Once the location of the Hard Rock Stadium was set in stone Formula 1’s technical team swiftly got to work, using simulation tools to help form a layout that would be challenging for drivers while similarly encouraging wheel-to-wheel racing. The result is the Miami International Autodrome, which wraps itself around the Hard Rock Stadium, and features 19 corners across its 3.36 miles. There is an abundance of corner types across its layout, including a high-speed section of esses, a tight and technical section, as well as three lengthy full-throttle sections where overtaking aid DRS is expected to be in place.
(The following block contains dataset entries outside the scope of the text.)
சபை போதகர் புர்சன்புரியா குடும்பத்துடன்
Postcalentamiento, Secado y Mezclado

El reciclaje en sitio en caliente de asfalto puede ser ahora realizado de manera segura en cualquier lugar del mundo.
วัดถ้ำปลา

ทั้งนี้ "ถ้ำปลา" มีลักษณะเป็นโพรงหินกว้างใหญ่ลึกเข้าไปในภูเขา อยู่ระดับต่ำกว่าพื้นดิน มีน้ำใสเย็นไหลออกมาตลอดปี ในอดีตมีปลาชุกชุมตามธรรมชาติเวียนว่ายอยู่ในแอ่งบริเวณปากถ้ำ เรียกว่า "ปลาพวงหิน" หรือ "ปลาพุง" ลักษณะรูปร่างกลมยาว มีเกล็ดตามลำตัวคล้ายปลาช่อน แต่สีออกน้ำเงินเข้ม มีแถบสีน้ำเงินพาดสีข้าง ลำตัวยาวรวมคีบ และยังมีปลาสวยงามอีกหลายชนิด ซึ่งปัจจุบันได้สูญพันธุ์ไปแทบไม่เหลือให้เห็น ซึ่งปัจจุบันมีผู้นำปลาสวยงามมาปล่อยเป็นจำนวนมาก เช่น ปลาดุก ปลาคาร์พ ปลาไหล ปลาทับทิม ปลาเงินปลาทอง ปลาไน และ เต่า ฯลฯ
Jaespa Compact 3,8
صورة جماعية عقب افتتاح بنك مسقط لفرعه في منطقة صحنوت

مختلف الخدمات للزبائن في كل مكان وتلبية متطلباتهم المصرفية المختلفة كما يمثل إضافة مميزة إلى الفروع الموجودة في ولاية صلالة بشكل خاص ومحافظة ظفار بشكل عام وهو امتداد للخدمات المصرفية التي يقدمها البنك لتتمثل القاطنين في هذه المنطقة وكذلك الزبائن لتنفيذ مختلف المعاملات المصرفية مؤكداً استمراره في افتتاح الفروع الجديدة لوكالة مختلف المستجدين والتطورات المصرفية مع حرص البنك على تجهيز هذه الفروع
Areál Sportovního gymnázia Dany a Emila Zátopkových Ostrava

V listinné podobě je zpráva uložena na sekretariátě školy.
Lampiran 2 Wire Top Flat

The presence of walls around the quasi-street circuit also meant mistakes would be punished.

Max Verstappen in the lead on the 3.36 mile race track of the Miami Grand Prix 2022 at Miami International Autodrome. Image courtesy Hoch Zwei

So a new breed of fans flocked to the Miami Autodrome, ready to get excited about everything. The circuit itself met with some criticism from the drivers. Firstly, the track was very dirty off line which rather spoilt the chances of overtaking, although by the end of the race, there had been plenty of passing thanks to the use of three DRS zones. Its safety was also called into question when Carlos Sainz and Alex Albon had two separate crashes in practice, at very high speed into poorly protected concrete barriers.

Miami also marked a breakaway from the traditional spectator mode for motor racing, in that, out of a relatively small total capacity of around 80,000, around 30,000 of them were in what one would call VIP areas. They paid a lot of money for that privilege and ensured the event was a financial success, laying the foundation stone for a lucrative money-making exercise for the promoters for years to come. As a comparison, last year’s USA GP, held at Austin’s Circuit of the Americas, pulled in 400,000 spectators over the race weekend.
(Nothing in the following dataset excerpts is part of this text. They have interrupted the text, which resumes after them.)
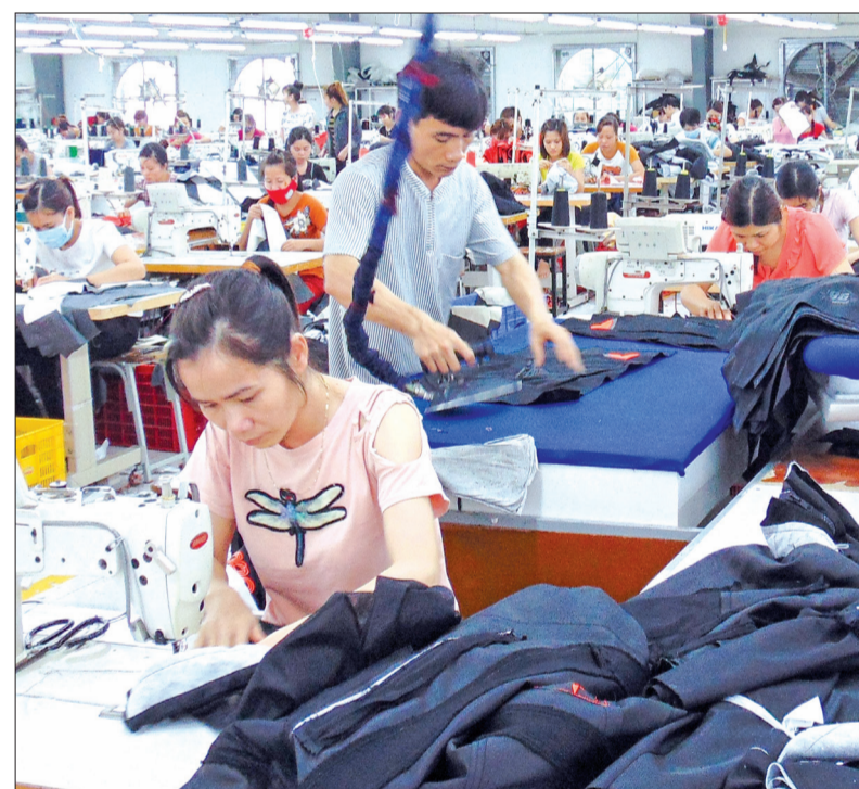
Công ty May Vinap (Thái Thụy) tạo việc làm cho 400 lao động với thu nhập bình quân từ 3,7 - 4 triệu đồng/người/tháng.

năm 2016, một số khoản thu nội địa tăng cao so với cùng kỳ như: thuế phi nông nghiệp tăng 16%, thuế thu nhập cá nhân đạt 19 triệu chỉ, trong đó 186 xã và 1 huyện được công nhận đạt chuẩn quốc gia về nông thôn mới. Đạt được kết quả đó là do ngay từ đầu năm tỉnh đã quan tâm chỉ đạo quyết liệt, chú trọng kiểm tra, kiểm soát, rà soát các khoản thu, đồng viên kịp thời
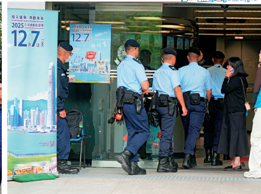
▲全港設有十個公務員專屬投票站，便利紀律部隊及其他值班的公務員投票，在完成投票程序後能盡快返回崗位。
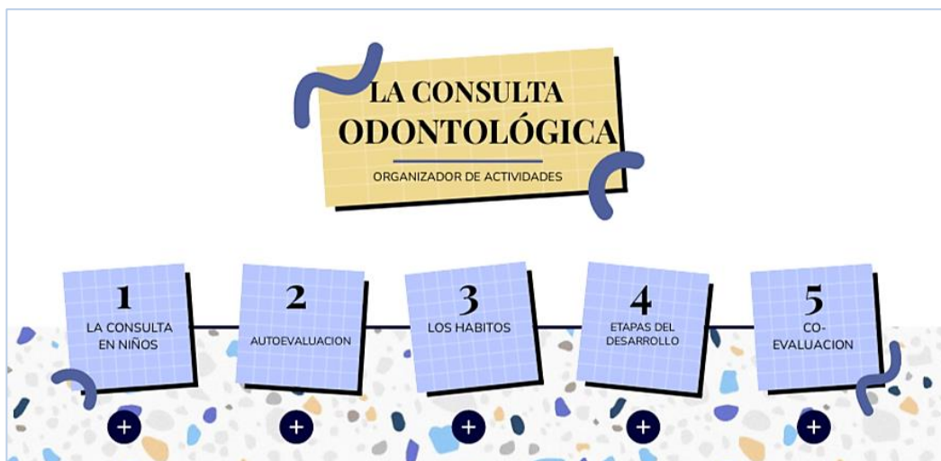
Fig. 1 Organizador de las actividades

En base a las etapas anteriores y a la elección del eje temático la relación paciente-profesional como articulador de tópicos sobre la atención de los pacientes en crecimiento, planeamos actividades de casos clínicos sobre posibles pacientes (casos disparadores). La secuencia didáctica se presentó mediante una plantilla de Genial.ly® embebida en el entorno virtual de la asignatura, donde se desplegaban las actividades a realizar, los requisitos de ejecución y los plazos de entrega (Figs. 1 y 2). Los temas abordados fueron: la consulta odontológica en niños, los hábitos y las etapas del desarrollo. Se incluyó una actividad de autoevaluación mediante una lista de cotejo y una instancia de evaluación entre pares. Esta última, además de estar programada en el muro virtual, se realizó durante las clases presenciales cuando cada grupo iba exponiendo los avances en su producción.
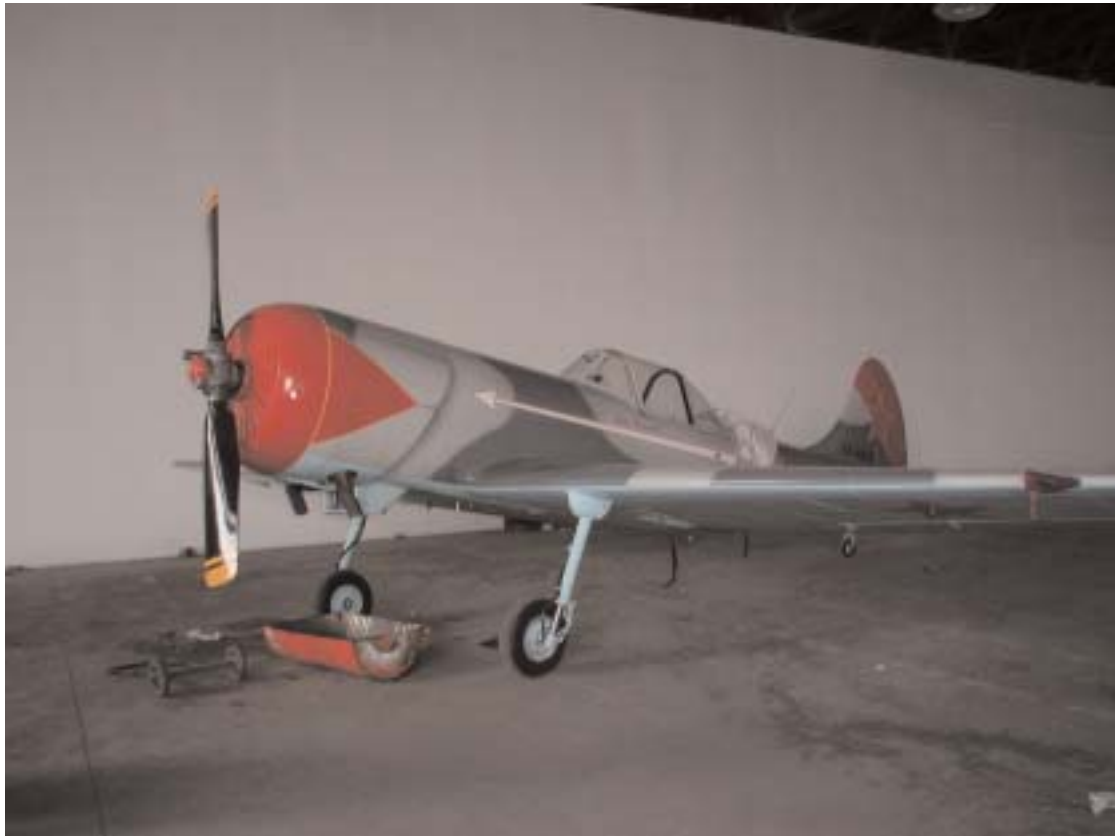
Vista anteriore sinistra dell'a/m incidentato

One of the many well-known VIP guests that attended the Miami GP 2022. David Beckham speaks with Lando Norris at the Miami International Autodrome. Image courtesy Hoch Zwei

Formula 1 purists were less impressed with all the show and hoopla and from a practical point of view, the fake marina, the fake beach with fake mermaids and the relatively small paddock was so overcrowded with guests and celebrities you’d never heard of that team personnel were finding it hard to go about their work in peace.

However, the overall verdict is that this race was a big success and not just because the VIPs included a former First Lady, a basketball god and the greatest NFL quarterback of all time. Those who wanted to enjoy the showbiz side were free to do so, but the organisers did not, could not, interfere with the Formula 1 spectacle on track and once a few glitches are ironed out, this event will fully deserve its place on the calendar. Sure, the organisers made mistakes, but they will learn quickly and fix it in time for next year.

And if you think this race was over-the-top, wait til you see what will happen in the Nevada desert next year, when Las Vegas hosts a Grand Prix!